What you will do » Quote the entries below from the line with "damm och fall." through the line with "2 Pack 8x10in", both ends included, and only those lines.

Given entries »
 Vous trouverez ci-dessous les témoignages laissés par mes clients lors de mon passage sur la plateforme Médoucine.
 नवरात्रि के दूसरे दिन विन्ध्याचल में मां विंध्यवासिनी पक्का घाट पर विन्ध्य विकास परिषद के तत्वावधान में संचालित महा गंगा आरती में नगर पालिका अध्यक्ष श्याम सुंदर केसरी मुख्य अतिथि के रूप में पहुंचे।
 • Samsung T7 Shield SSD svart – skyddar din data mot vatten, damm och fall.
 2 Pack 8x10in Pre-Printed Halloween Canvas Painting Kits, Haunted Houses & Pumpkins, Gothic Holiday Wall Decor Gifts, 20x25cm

==

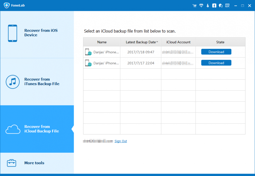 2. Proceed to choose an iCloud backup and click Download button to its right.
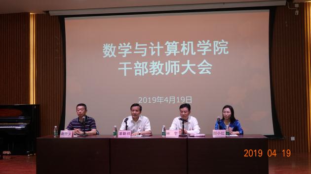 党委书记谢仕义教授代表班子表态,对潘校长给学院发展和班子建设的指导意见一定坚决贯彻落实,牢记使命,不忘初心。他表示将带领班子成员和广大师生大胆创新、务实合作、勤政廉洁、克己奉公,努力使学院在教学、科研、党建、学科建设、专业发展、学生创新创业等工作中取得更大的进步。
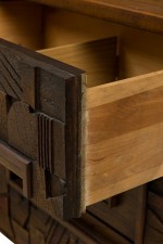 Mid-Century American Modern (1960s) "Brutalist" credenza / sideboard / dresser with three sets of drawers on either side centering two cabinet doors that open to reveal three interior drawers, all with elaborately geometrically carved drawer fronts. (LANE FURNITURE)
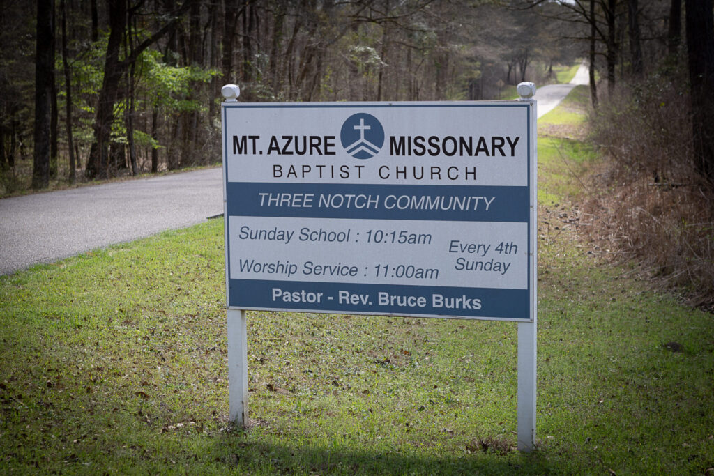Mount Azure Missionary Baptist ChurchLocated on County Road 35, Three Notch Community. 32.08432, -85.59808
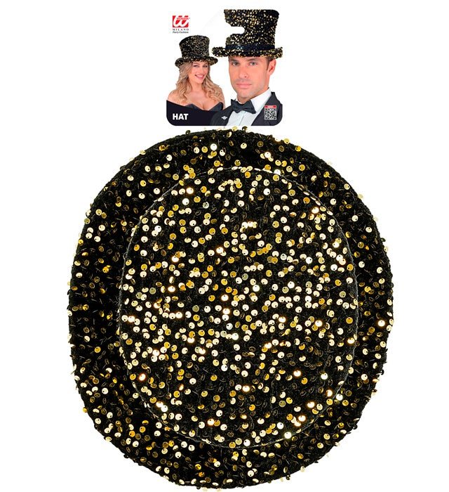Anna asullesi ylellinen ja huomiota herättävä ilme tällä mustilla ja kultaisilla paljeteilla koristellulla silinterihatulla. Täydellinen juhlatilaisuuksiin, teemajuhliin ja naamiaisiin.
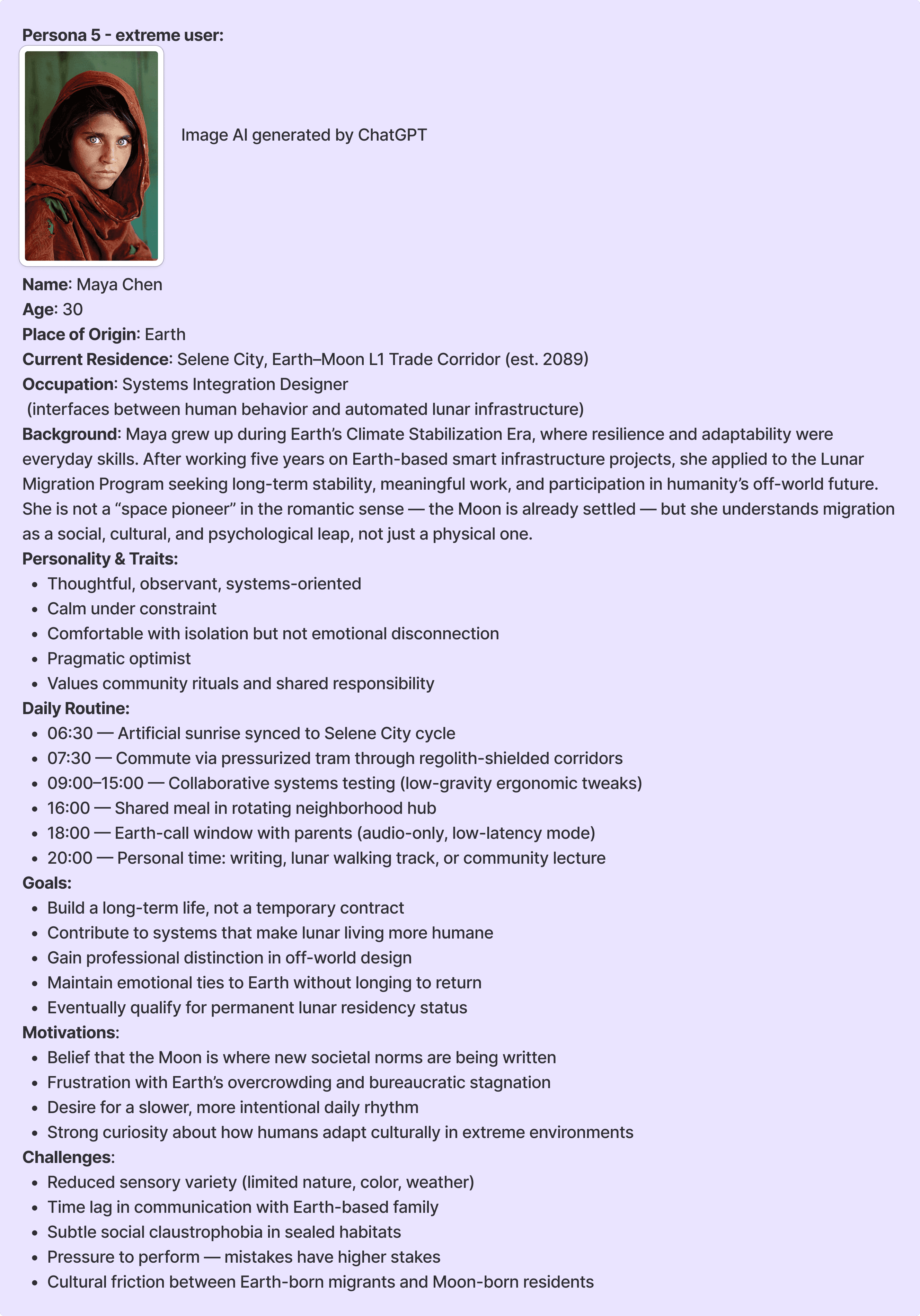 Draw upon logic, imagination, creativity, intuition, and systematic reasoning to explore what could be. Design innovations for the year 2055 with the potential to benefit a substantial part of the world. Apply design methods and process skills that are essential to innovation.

Solved problem »
 • Samsung T7 Shield SSD svart – skyddar din data mot vatten, damm och fall.
 2 Pack 8x10in Pre-Printed Halloween Canvas Painting Kits, Haunted Houses & Pumpkins, Gothic Holiday Wall Decor Gifts, 20x25cm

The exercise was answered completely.